Leave the pictures out. Retype exactly the lines below from the one containing "hide 215cm 192cm" through the one containing "Eckhaus Latta's spring", and no others.

==*==

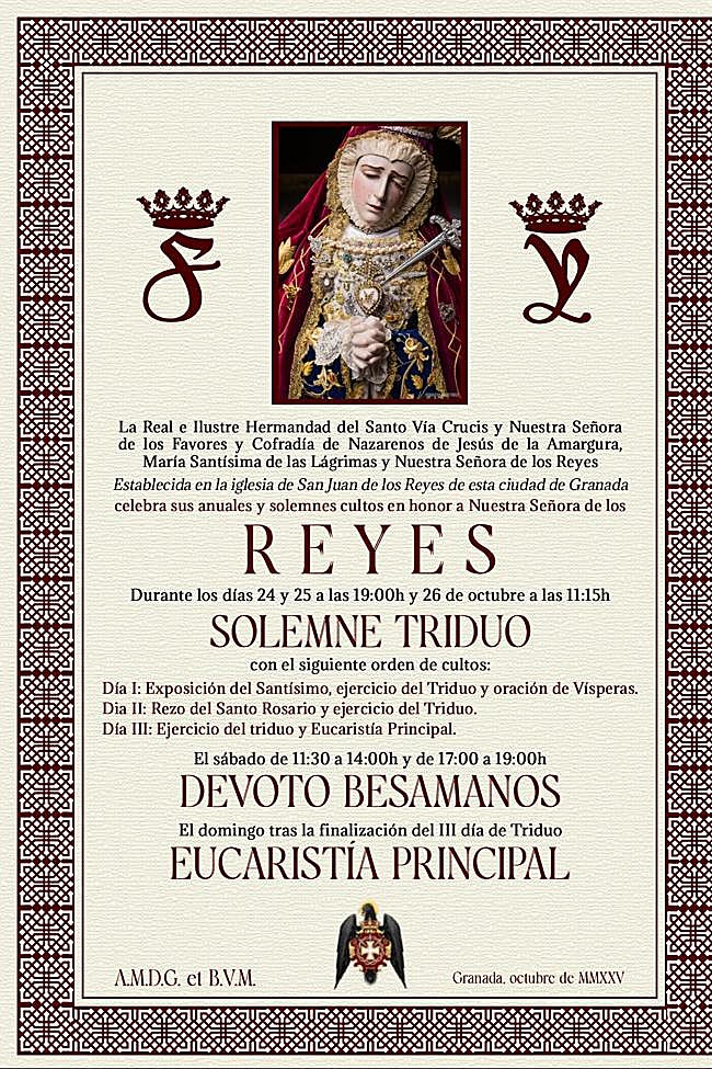 La Hermandad del Santo Vía Crucis en el Albaicín celebra esta semana el Solemne Triduo de Reglas en honor a Nuestra Señora de los Reyes, ... que tendrá lugar durante los días 24, 25 y 26 de octubre en su sede canónica, la iglesia de San Juan de los Reyes.
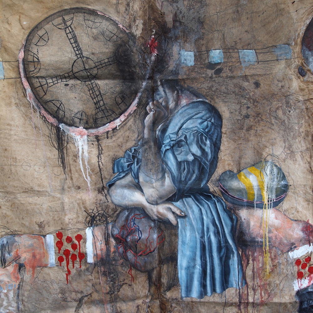 c anthem “Zemecha” oil graphite on cow hide 215cm 192cm
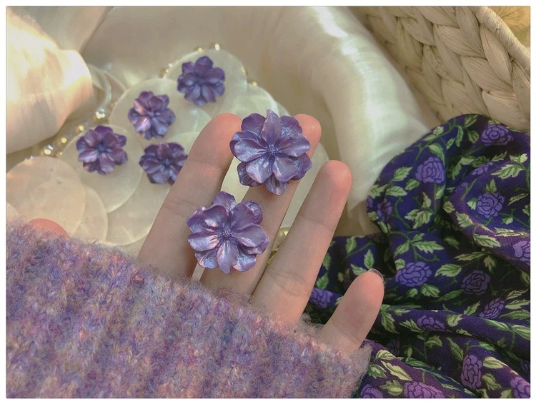 高级感紫色花朵耳钉女2024年新款温柔法式耳饰复古港风无耳洞耳夹 English | 投诉
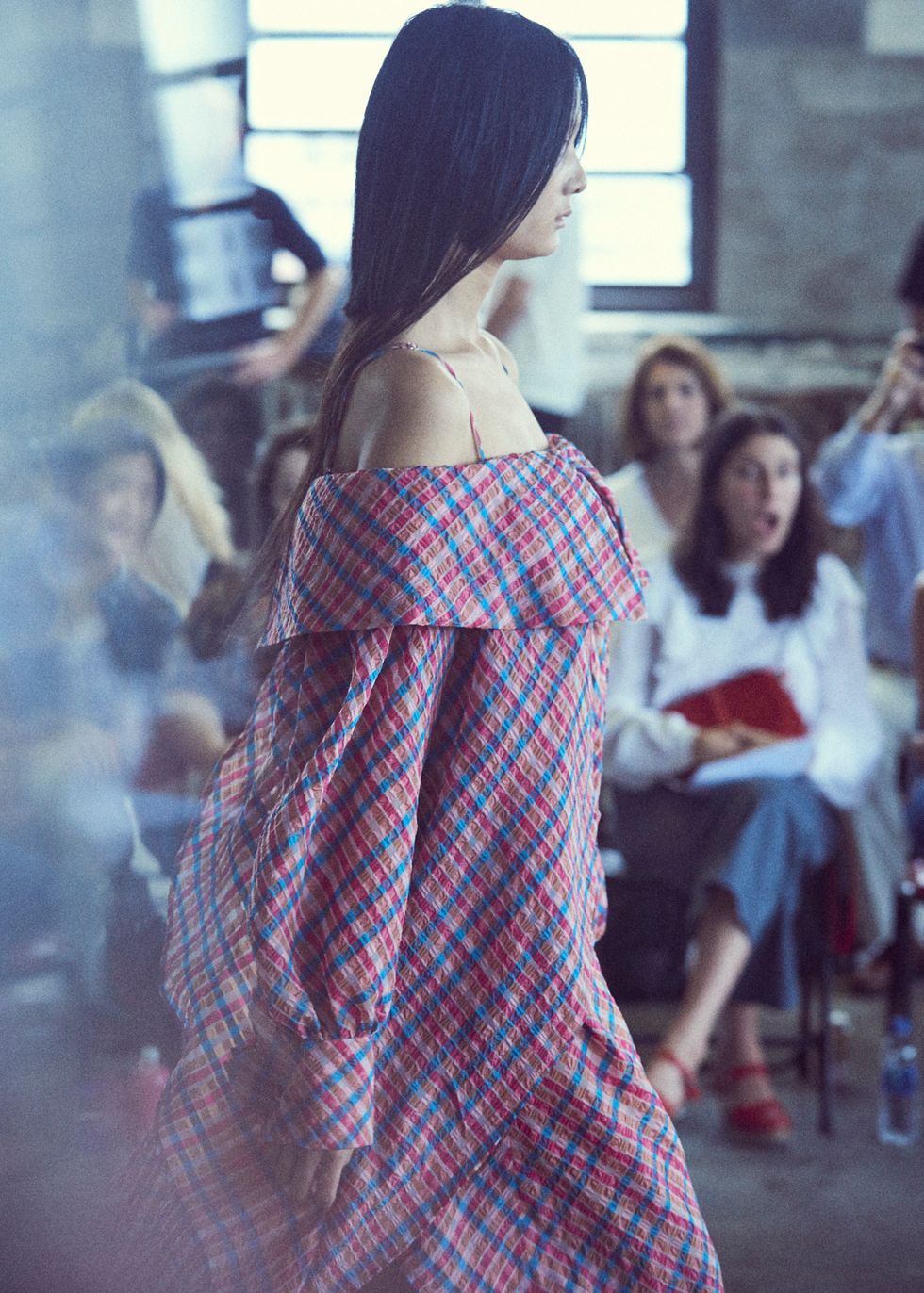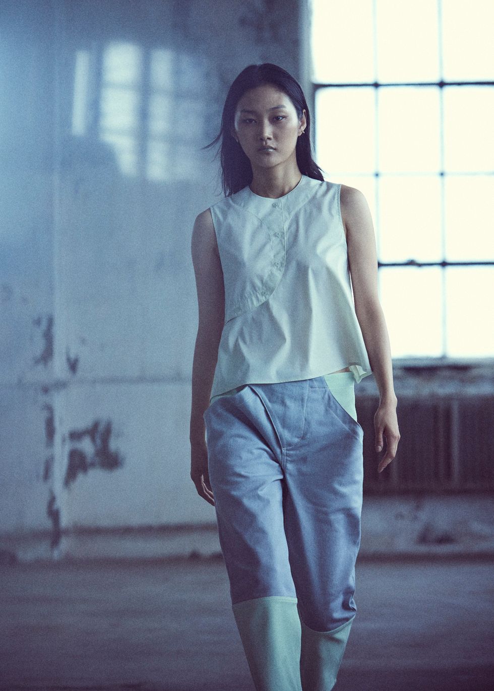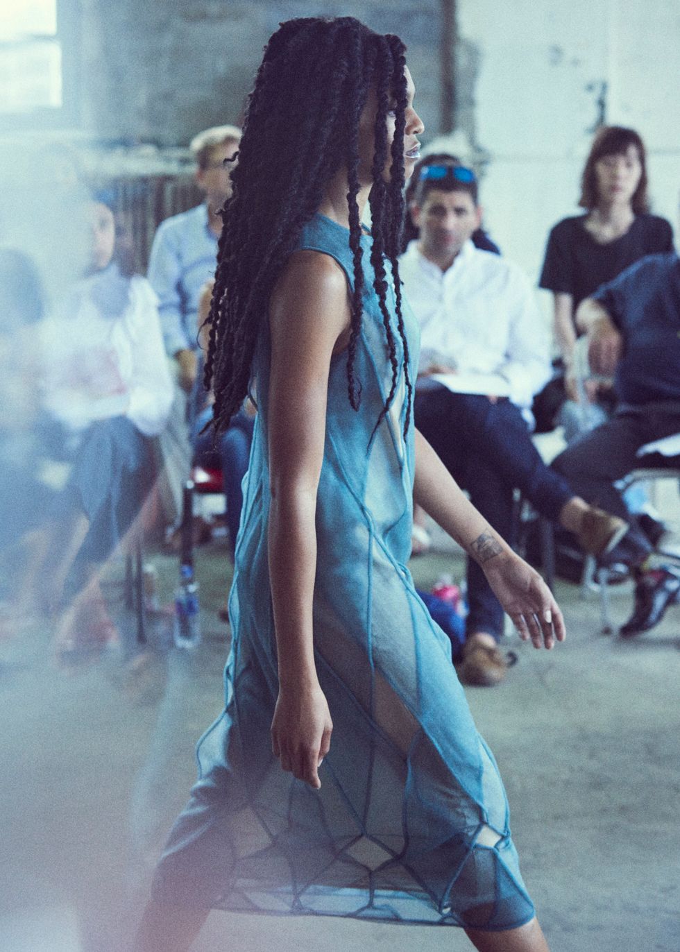 Eckhaus Latta's spring 2019 collection, shown on the top floor of a Bushwick warehouse, was light, unfussy, and so lovely I could have cried. Designers Mike Eckhaus and Zoe Latta expanded upon well-worn brand standards, dip-dying denim and transforming knits into feather-light flared pants and slip dresses.
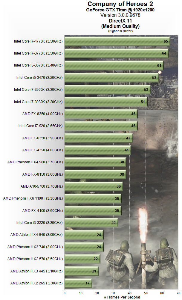 It's not just me saying it, the numbers don't lie. Overclocking the i7-4770K by 1 GHz yields no improvement and you actually lose performance going from Ivy Bridge and Haswell to Sandy Bridge-E. The only Intel CPU outperformed by AMD ones in the TechSpot graph is the Core i3. It's sad how an almost 5-year-old CPU like the i7-920 can keep up with AMD's latest-and-greatest in this title. I don't see any argument that can be made for AMD's lackluster showing in this game and it loses big-time in both top-end performance and price-to-performance ratio to comparable Intel chips. You want an apples-to-apples comparison? The FX-8350 gives up 16 FPS or 35% to the i5-3570K. It doesn't get more clear than that.

==*==

> [Response to this exercise]
 c anthem “Zemecha” oil graphite on cow hide 215cm 192cm
 高级感紫色花朵耳钉女2024年新款温柔法式耳饰复古港风无耳洞耳夹 English | 投诉
 Eckhaus Latta's spring 2019 collection, shown on the top floor of a Bushwick warehouse, was light, unfussy, and so lovely I could have cried. Designers Mike Eckhaus and Zoe Latta expanded upon well-worn brand standards, dip-dying denim and transforming knits into feather-light flared pants and slip dresses.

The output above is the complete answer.